Het twee keer als B-bedrijf aan meer dan zes D-bedrijven afvoeren van varkens binnen een periode van zes weken.

Dit levert op:

Een overtreding van artikel 9 van de Verordening varkensleveringen (PVV) 2007.

Ter zitting heeft betrokkene aangevoerd dat hij de "balk" op het transportdocument in een (te) laat stadium constateerde, namelijk eerst nadat de biggen geladen waren en dat het niet wel doenlijk is om de biggen dan nog "terug" te halen. Betrokkene heeft toegelicht dat hij in de stal wacht op de komst van de transporteur en, zodra de transportwagen gearriveerd is, de af te leveren biggen, vanuit een voorsorteerruimte, het voertuig indrijft, zonder hulp van derden. Eerst daarna ontvangt betrokkene van de chauffeur het transportdocument.
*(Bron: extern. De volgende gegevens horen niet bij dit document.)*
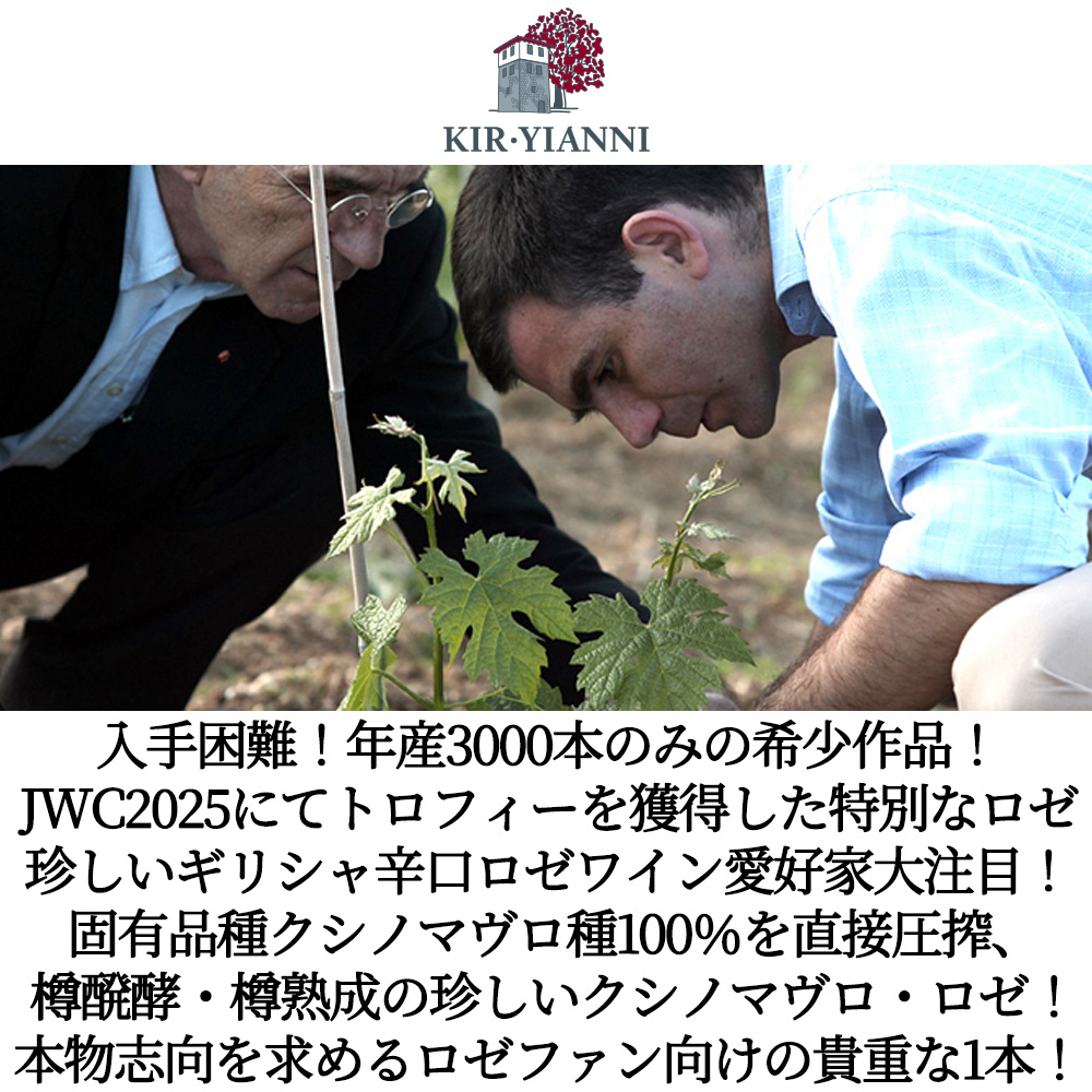 【商品説明】珍しいギリシャワイン愛好家大注目!辛口ロゼワイン愛好家大注目!年産3000本のみの希少作品!直接圧搾、樽醗酵・樽熟成の珍しいクシノマヴロ・ロゼ!ジャパン・ワイン・チャレンジ2025にてトロフィ・ベスト・オールド・ワールド・ロゼの快挙!ワインアドヴォケイト誌で「市場に出たら努力してでも探すべき価値のあるワイン」と大絶賛!ワインアドヴォケイト誌が“ギリシャ最高峰のワイン”に選んだ固有品種クシノマヴロ!世界のワイン評論家、マスター・オブ・ワインをも感動させる伝統とモダンが見事に融合した、鮮烈にして忘れられない味わい! 北ギリシャ、西マケドニア地方で生まれる高貴なブドウ「クシノマヴロ」100%の超希少ロゼ!ジャンシス・ロビンソンM.Wや、ギリシャ人M.WのKonstantinos Lazarakis氏等多くのマスター・オブ・ワインがその品質を高く認めて推薦する、ギリシャ最高峰ワイナリーのひとつ“キリ・ヤーニ”は、名門ブタリス家4代目当主ヤーニス・ブタリス氏によって1997年に設立!クシノマヴロの銘醸地として名高い北ギリシャ・ヴェルミオン山の山腹の両斜面に位置する、ナウサとアミンデオンの地で地方の固有品種と伝統を大切に守り、更に革新的なワイン造りで、今日キリ・ヤーニのクシノマヴロはギリシャを代表するアイコンワインに!徹底的にその生態について研究し、クローン選択から栽培地、栽培方法、そして醸造方法にいたるまで全ての過程で繰り返し実験を行い、今日世界が感動するワインを誕生させた最高峰ギリシャワイン選出の、今、世界が大注目する「キリヤーニ」が造る年産3000本の超限定生産ロゼ!ギリシャ語で「酸と黒」の意味を持つ、ギリシャ固有の品種「クシノマヴロ」!北ギリシャ原産で世界で最も珍しい“高貴な黒ブドウ品種”の一つとして知られています!北ギリシャは地中海性気候から大陸性気候まで多様な気候帯を持ち、土壌や標高、地形も異なることからミクロクリマが存在! 「キリ・ヤーニ」では多彩なテロワールの中でも特に標高の高い地区を中心に、長年の研究により選び抜かれたクローンやフィロキセラ前の古木を栽培!これらの貴重なブドウ樹は、区画毎に栽培管理がなされ、全て手作業で収穫!更には区画毎に醸造を行います! このアガソト・ロゼ[2024]年は、ギリシャを代表する高貴な地ブドウ「クシノマヴロ」から生まれる唯一無二な味わい!ナウサ地区の14のサブリージョンの一つ標高220メートルの南向きの斜面に広がるシングル・ブロックの「ガストラ」産のクシノマヴロ種100%を使用した特別なロゼ!粒と房に分けて直接圧搾!フレンチオーク樽(228L)とトノー(1hl)にて醗酵!トノー樽にて8ヶ月熟成で造られる辛口ロゼワイン! 淡いサーモンピンクの外観!香りはイチゴやラズベリーなどの赤系果実に、トマトやドライハーブ、ほのかなラベンダー、心地よいバリックのニュアンスを持ちます!口当たりはフレッシュで、クシノマヴロ由来の伸びやかな酸が全体を引き締め、軽やかながらも芯のある構造を形成!ほのかなタンニンが味わいに奥行きを与え、甘さは控えめの辛口!爽やかさと旨みが調和し、余韻にはハーブと赤果実の風味が心地よく続く唯一無二の辛口ロゼワイン!本物志向を求めるロゼワインファン向けの貴重な1本! 魚介料理(特にトマトやハーブを使う料理)、ハーブチキンのグリル、ポークのトマト煮込み等の鶏肉・軽めの肉料理との相性も抜群!

Dit punt verwerpt het Tuchtgerecht. Voor de juiste naleving van de verordening is en blijft de ondernemer verantwoordelijk. Met de geschetste handelswijze neemt betrokkene het risico dat een ongeoorloofd transport zal plaats vinden. Uitvoeringszaken zijn des ondernemers. Betrokkene dient de werkprocessen binnen zijn bedrijf zodanig vorm en inhoud te geven dat correcte naleving van de verordening steeds mogelijk is.

Motivering van tuchtrechtelijke maatregel(en):

Om een gezonde Nederlandse varkensstapel te houden, is regulatie van de contactstructuur in de Nederlandse varkenshouderij noodzakelijk. Door specifieke regels met betrekking tot de aan- en afvoer van varkens wordt het risico van verspreiding van besmettelijke dierziekten zoveel mogelijk beperkt. Deze voorschriften zijn door het PVV in de Verordening varkensleveringen (PVV) 2007 neergelegd. De toegestane contacten zijn afhankelijk gesteld van de veterinaire waarborgen waaraan de varkenshouderijbedrijven zijn onderworpen. De verordening onderscheidt daarbij zes regimes die geduid worden met een A-, B-, C-, D-, E- of F-status. Afhankelijk van de status is het varkenshouderijbedrijf, in afwijking van het algemene aan- en afvoerverbod van varkens, een beperkt aantal aan- en afvoermogelijkheden toegestaan. Naarmate de veterinaire en hygiënische omstandigheden op een bedrijf dat rechtvaardigen, is het aantal contactmogelijkheden groter.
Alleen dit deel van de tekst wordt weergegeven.